Microsoft chief executive Steve Ballmer withdrew an oral offer to buy Yahoo for $47.5 billion, or $33 per share, a month ago after Yang asked for $37 per share - a price that the company's stock hasn't reached since early 2006.
"One doesn't have to be a rocket scientist to realize there is a simple method" for luring another offer from Microsoft, Icahn wrote in a letter addressed to Yahoo chairman Roy Bostock. "Simply rescind the . . . 'severance plan,' which would free up approximately $2.4 billion and possibly even more, which could be added to the bid."
Yahoo had no immediate comment on Icahn's letter, but the board has repeatedly said it remains open to selling Microsoft at a price that recognizes the company's full value.
Icahn's estimate of the cost of Yahoo's severance plan is based on internal documents that were unsealed Monday as part of a shareholder lawsuit alleging Yang and the company's board improperly resisted a Microsoft courtship that began in August 2006.
The records revealed that Yang pushed for generous benefits to all 13,800 of Yahoo's employees if they are laid off or reassigned, despite the misgivings of the company's outside consultants.

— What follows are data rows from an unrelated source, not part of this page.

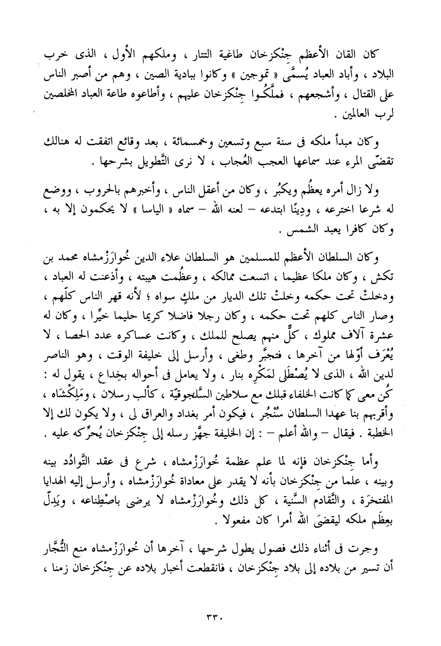 وَكَانَ السُّلْطَان الْأَعْظَم للْمُسلمين هُوَ السُّلْطَان عَلَاء الدّين خوارز مَشاهُ مُحَمَّد بْن تكش وَكَانَ ملكا عَظِيما اتسعت ممالكه وعظمت هيبته وأذعنت لَهُ الْعباد وَدخلت تَحت حكمه وخلت تِلْكَ الديار من ملك سواهُ لِأَنَّهُ قهر النَّاس كلهم وَصَارَ النَّاس كلهم تَحت حكمه وَكَانَ رجلا فَاضلا كَرِيمًا حَلِيمًا خيرا وَكَانَ لَهُ عشرَة آلَاف مَمْلُوك كل مِنْهُم يصلح للْملك وَكَانَت عساكره عدد الْحَصَا لَا يعرف أَولهَا من آخرهَا فتجبر وطغى وَأرْسل إِلَى خَليفَة الْوَقْت وَهُوَ النَّاصِر لدين اللَّه الَّذِي لَا يصطلي لمكره بِنَار وَلَا يُعَامل فِي أَحْوَاله بخداع يَقُول لَهُ كن معي كَمَا كَانَت الْخُلَفَاء قبلك مَعَ سلاطين السلجوقية كألب رسْلَان وملكشاه وأقربهم بِنَا عهدا السُّلْطَان سنجر فَيكون أَمر بَغْدَاد وَالْعراق لي وَلَا يكون لَك إِلَّا الْخطْبَة فَيُقَال وَالله أعلم إِن الْخَلِيفَة جهز رسله إِلَى جنكزخان يحركه عَلَيْهِ
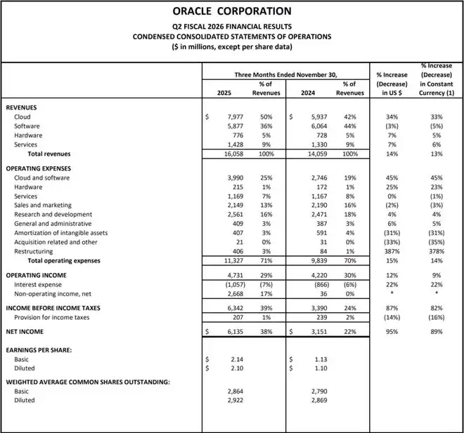 当地时间12月10日美股盘后,甲骨文公布了截至11月30日的2026财年第二季度业绩。财报显示,该公司当季实现营收160.6亿美元,同比增长14%,略低于市场预期的162.1亿美元;净利润为61.4亿美元,同比大幅增长了95%;非GAAP下调整后每股收益(EPS)为2.26美元,高于市场预期的1.64美元;同时,其运营利润率达到42%。
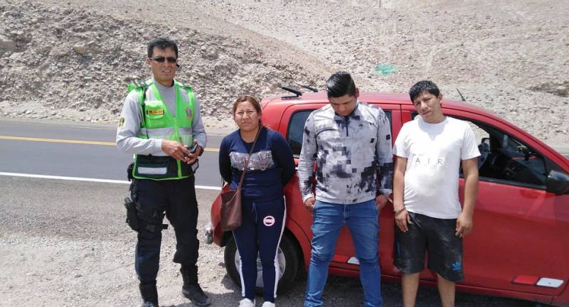 Al percatarse de lo ocurrido, denunció el caso en la dependencia policial y los agentes iniciaron el patrullaje hasta dar con los sospechosos en el kilómetro 923 de la carretera Panamericana Sur.
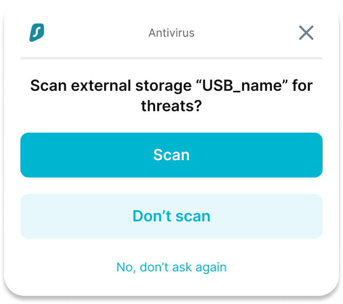 In this article, you will learn how to use Surfshark's External storage scans feature on your Windows or macOS device.
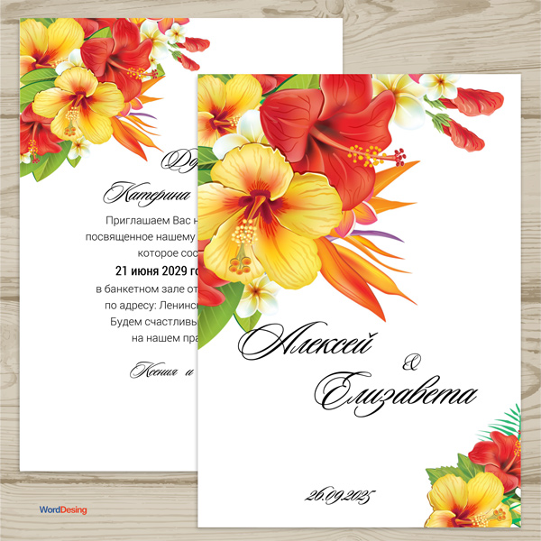 Красивый шаблон приглашения на свадьбу в формате Microsoft Word.Шаблон был сделан в программе Фотошоп и для удобства был переведен в Microsoft Word
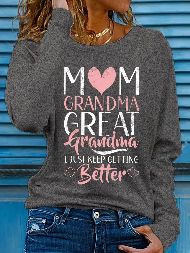 Casual Text Letters Crew Neck Long Sleeve T-shirt
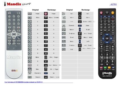 Un document est inclus pour vous aider à utiliser facilement la nouvelle télécommande, en indiquant la correspondance des boutons.
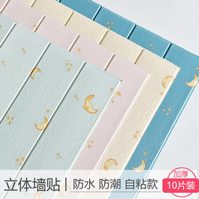 墙纸自粘防水防潮卧室儿童温馨3d立体墙贴防撞卡通软...
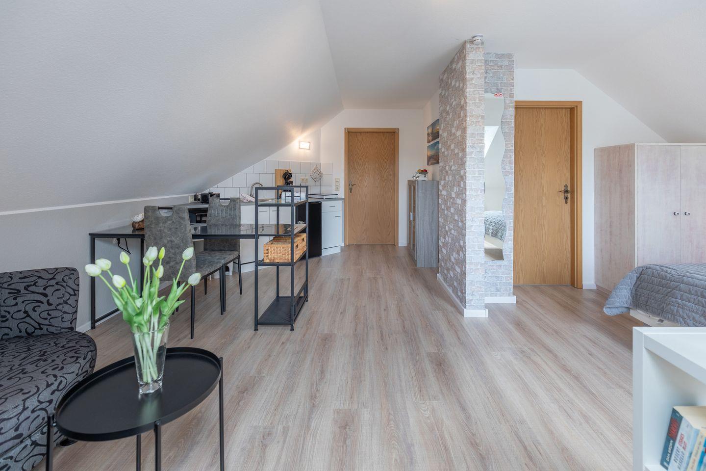 Die unmittelbare Umgebung ist geprägt von ruhigem Dorfcharakter. Einkaufsmöglichkeiten sind nur 300 Meter entfernt und somit schnell zu Fuß erreichbar. Die Nordsee mit dem nächsten Strand erreichen Sie nach etwa 3.000 Metern – optimal für Ausflüge ans Meer, ohne auf die Ruhe eines ländlichen Domizils zu verzichten. Durch die Lage im ersten Stock eines Hauses mit nur einer Etage genießen Sie einen geschützten Rückzugsort mit Blick ins Grüne.
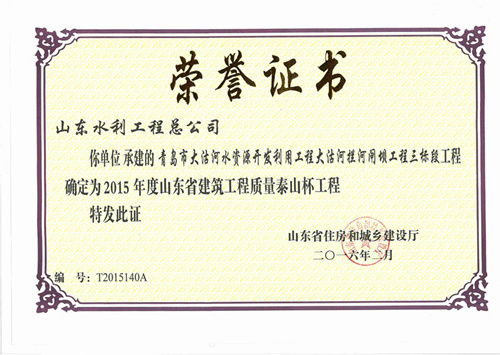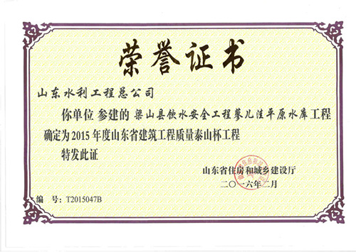 公司"梁山縣飲水安全工程蓼二洼平原水庫(kù)工程“等兩項(xiàng)工程榮獲2015年度山東省建筑工程質(zhì)量泰山杯
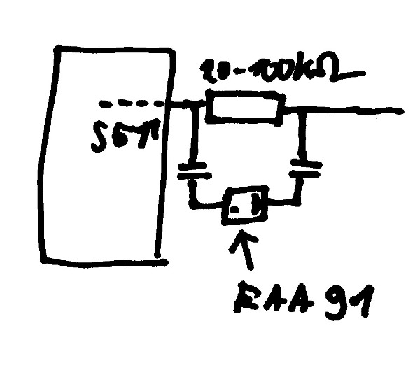 Eine neue Idee für die Regelspannungserzeugung hab ich gerade gehabt.. Die EAA 91 Diode in Serie in GL - Flussrichtung für das Schrimgitter der Audionröhre legen. Zwischen Schirmgitter und Sieb C. Wenn dort noch HF Reste sind müssten die in der Sperrphase noch da sein und die könnte man mit der zweiten Diode der EAA 91 in Regelspannung verwandeln. Nur so eine Idee.... Oder einfach einen R in Serie mit dem SG Anschluss und über C die HF auskoppeln und Gleichrichten. Ich glaube die erste Idee ist zu kompliziert. Der Anschluss an Katode und Anode der EAA 91 müsste über je 1 C an Katode und Anode sein um eine neg. Spannung zu erhalten ohne die Gleichspannung des Schirgitters.
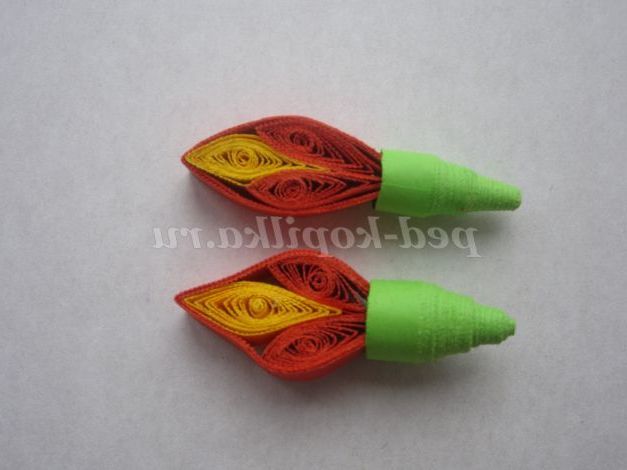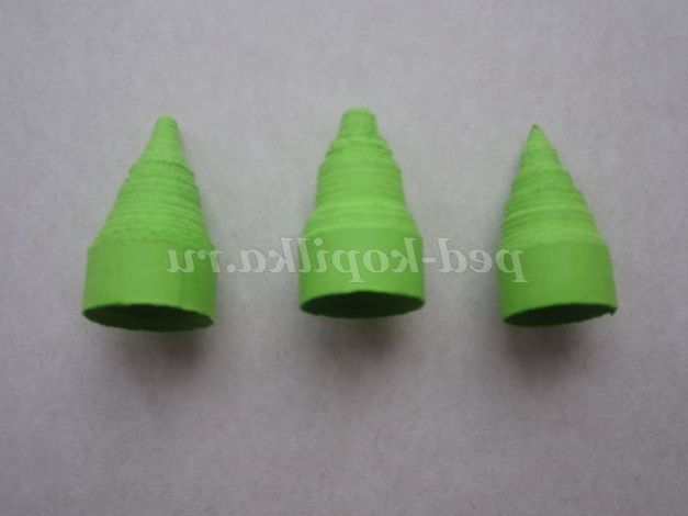 11. Зробіть 2 таких деталі і кожну вклейте в зелені конуси маленького розміру. Вийшли бутони.
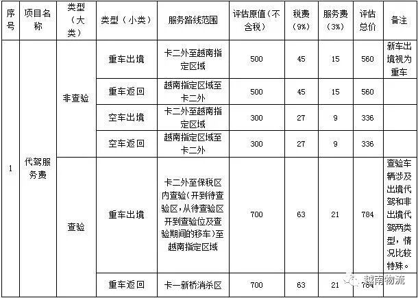根据《凭祥市关于对口岸物流疫情防控工作实行三级网格管理的通知》,要求广西凭祥水果小镇工业发展投资建设有限公司(以下简称:工投公司)对所有参与口岸物流运营短驳运输车辆、代驾司机进行规范化、标准化的统一管理、统一调度、统一结算。为确保短驳运输业务能够安全高效运行,目前,工投公司已委托第三方评估公司结合现行市场价格拟定出友谊关口岸、浦寨口岸短驳运输分段收费标准。现将凭祥市友谊关口岸、浦寨口岸短驳运输分段收费标准公告如下:
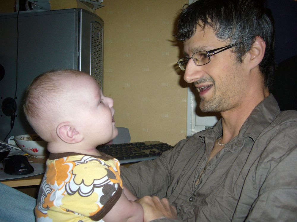 Kvällen när den här bilden togs skulle vi egentligen varit på Lovisas dåvarande dagis, det var familjekväll med fika, lekar och ponnyridning. Vi försov oss lite för alla var trötta, när vi väl vaknade regnade det ute. Vi bestämde oss för att stanna hemma, under kvällen tyckte jag att Victor blev väldigt blå mellan varven och hade saturationsmätaren påkopplad länge och väl. Han gick ner mycket i syresättning, men lyckades ständigt återhämta sig. På bilden hade han precis lyckats lära sig att sitta lite och kommit igång med skratt, han skrattade sitt lite smånördiga he-he-he och jag var tvungen att ta en bild.
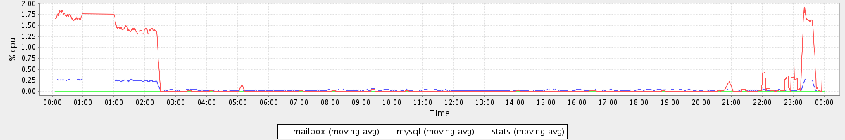 avg(mailbox) = 0.25 avg(mysql) = 0.06 avg(stats) = 0.00
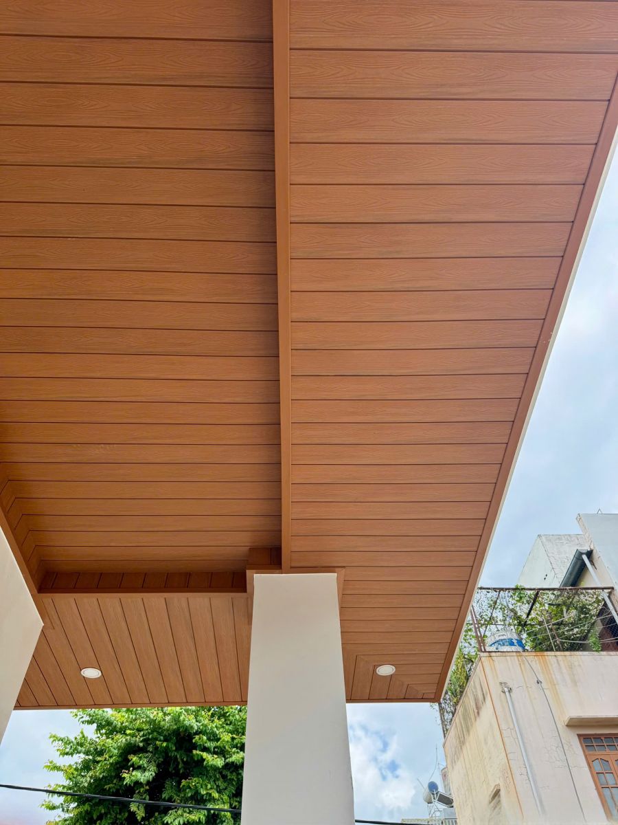 Ứng dụng: Ốp mặt tiền, lam che nắng, ban công, hàng rào, trần ban công, giàn pergola… mang lại vẻ sang trọng hiện đại mà vẫn hài hòa thiên nhiên. Đây là giải pháp tối ưu cho các công trình ngoài trời yêu cầu thẩm mỹ cao và tuổi thọ bền bỉ.

Yang wanted protection for all Yahoo employees even though Ballmer had assured him Microsoft would set aside $1.5 billion to retain employees after a takeover, according to handwritten notes of a phone conversation between the two executives.
The plan, adopted 12 days after Microsoft made its initial bid Jan. 31 this year, guaranteed cash and stock payments to any employee who was fired or was reassigned to a new job within two years of a Microsoft takeover.
At Microsoft's initial bid of $31 per share, the severance plan would have imposed an additional $462 million to $2.1 billion. At $35 per share, the additional severance expenses would range from $514 million to $2.4 billion, according to Yahoo's documents.
Many industry analysts think Microsoft needs Yahoo badly enough to pay $35 per share, or about $50 billion. By buying Yahoo, Microsoft would obtain a potent weapon to thwart the growth of Internet search leader Google Inc.
Although it hasn't ruled out the possibility of reviving its takeover bid, Microsoft in recent weeks has been exploring a deal involving Yahoo's search operation. Yahoo president Susan Decker told an advertising conference yesterday the two sides remain in "active" discussions, though she didn't provide details.
Microsoft representatives didn't immediately respond to requests for comment yesterday.